::: Dataset section
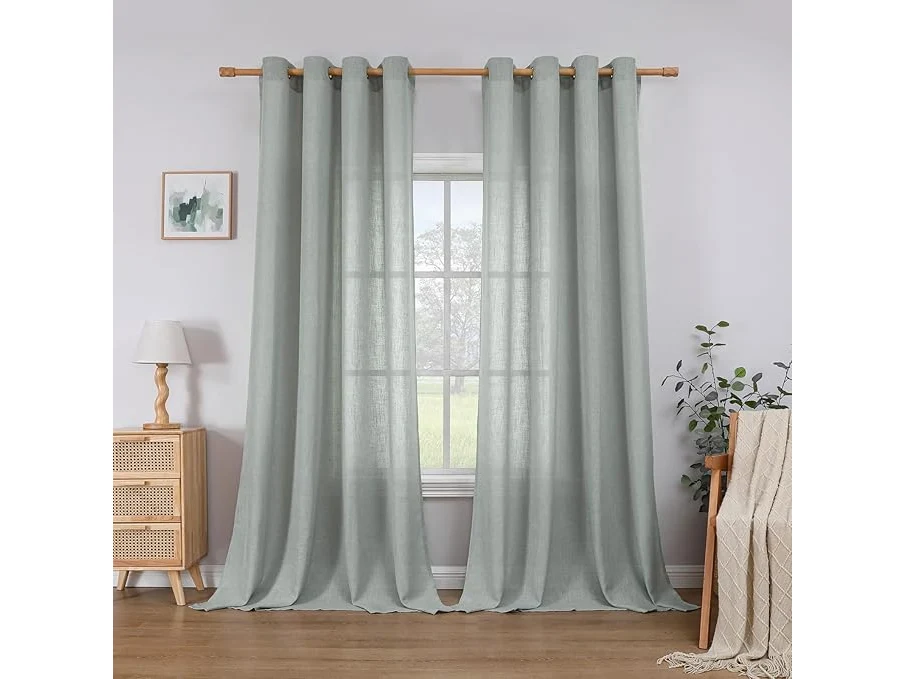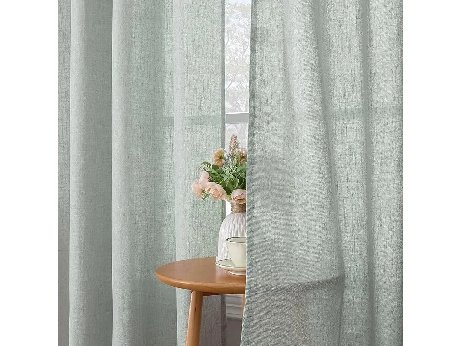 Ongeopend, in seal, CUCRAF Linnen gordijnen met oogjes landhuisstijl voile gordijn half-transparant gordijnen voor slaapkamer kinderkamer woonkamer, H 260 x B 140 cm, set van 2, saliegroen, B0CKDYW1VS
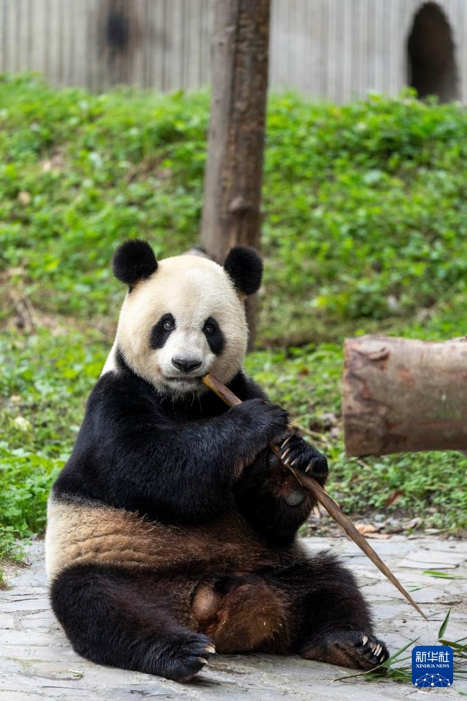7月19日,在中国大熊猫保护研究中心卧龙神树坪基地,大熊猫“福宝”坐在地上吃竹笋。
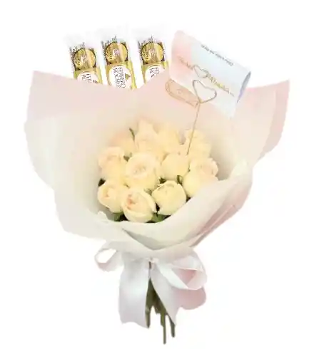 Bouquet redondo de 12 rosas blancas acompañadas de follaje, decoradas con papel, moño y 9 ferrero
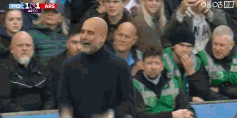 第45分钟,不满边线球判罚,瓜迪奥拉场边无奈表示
::::::
→ What is needed
Give again, word for word, every line from the top of the data through the line with "7月19日,在中国大熊猫保护", both ends included, and exclude the pictures.

→ Solution to the problem
 Ongeopend, in seal, CUCRAF Linnen gordijnen met oogjes landhuisstijl voile gordijn half-transparant gordijnen voor slaapkamer kinderkamer woonkamer, H 260 x B 140 cm, set van 2, saliegroen, B0CKDYW1VS
7月19日,在中国大熊猫保护研究中心卧龙神树坪基地,大熊猫“福宝”坐在地上吃竹笋。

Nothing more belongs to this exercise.